By now I am sure you have seen the attached letter from the former Manager pressing demands of myself based on his understanding of the Public Records provisions afforded by both State Statute and City Ordinance.
You may remember last February that both myself and Councilman Ford urged caution in adopting an Ordinance that placed dubious and un-defined demands that exceed State Statute on citizens who volunteer on City Boards without both compensation and City supplied computers or smart phones.
That advice should have been heeded because when the State takes legislation only so far it is frequently because prudence derived from the greater insight obtained through the committee and public hearing process, conferencing between House and Senate, and Executive consent dictates it go no further.
Those procedural safeguards to properly consider and vet ill conceived Municipal ordinances, driven in this instance by a desire on the part of the former Manager to silence criticism, simply do not exist in local government.
Just how costly the City’s ill conceived EIS ordinance may become in defending those it ensnared, will depend on the amount of personal funds the former Manager is willing to commit, and how long the courts are willing to entertain his efforts.
You may rest assured that the binder the former Manager frequently saw me carry to ABAB meetings has not been destroyed, and depending on the legal advice I receive from the City Attorney will most likely be made available for his perusal and subsequent copying of any pages in which he has an interest by City staff.

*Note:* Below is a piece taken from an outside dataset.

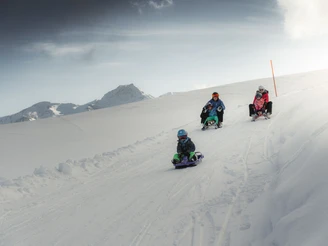 A Fiesch, prenez le téléférique jusqu'à Fiescheralp. De la station supérieure, marchez en direction de l'est durant environ 5 minutes jusqu'au départ de la piste de luge de Fiescheralp - Lax. Là, 11 km de pur plaisir luge s'offrent à vous! Le premier tronçon plutôt rapide mais sans danger est suivi d'une balade romantique à travers la forêt enneigée, qui se termine juste au-dessus de Lax. Depuis Lax, un bus navette ou le train Matterhorn Gotthard Bahn vous ramène à Fiesch.
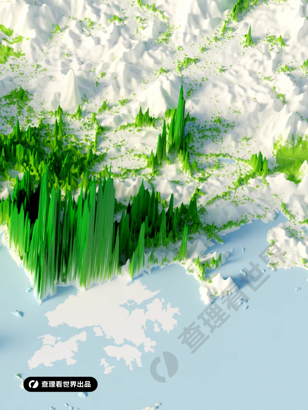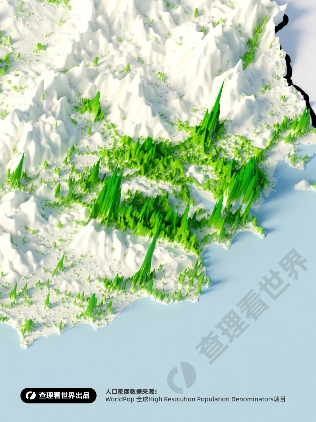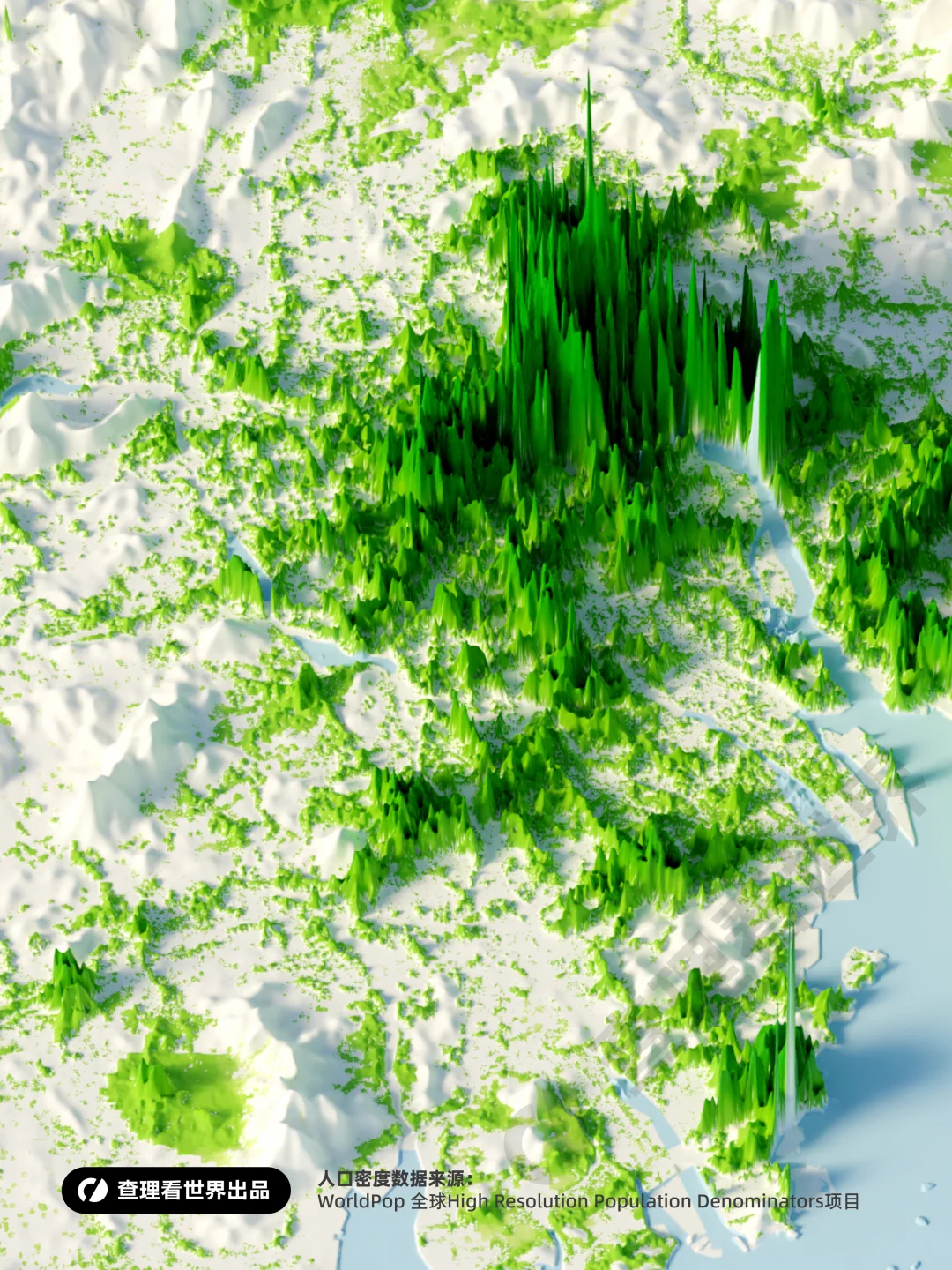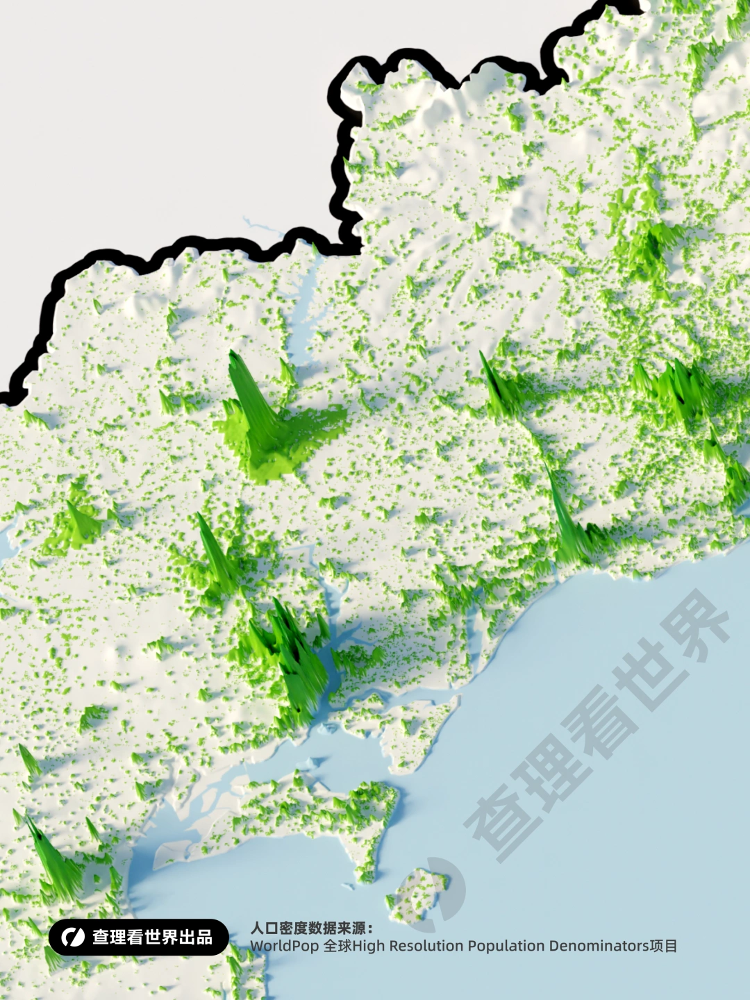 这张人口密度的可视化地图,可能会打破你对广东地理的传统认知。虽然我们常说广东是人口第一大省,但当你把 1.2 亿人放进 17.97 万平方公里的土地上,并用 3D 柱状图表现出来时,你会发现:广东的人口分布,并不是平铺的,而是长出了险峻的“高山”。

You may also rest assured that this is likely not the end of Public Records request you will see, as I imagine that it will only be a matter of time before someone inquiring as to Sunshine Violations requests a copy of the former Manager’s correspondence and private meetings regarding all things financial that he had with his former Finance Director, AND with other ABAB members including any standing for elective office during the 9 months the Manager and Finance Director served on the ABAB
Talk about the pot calling the kettle black.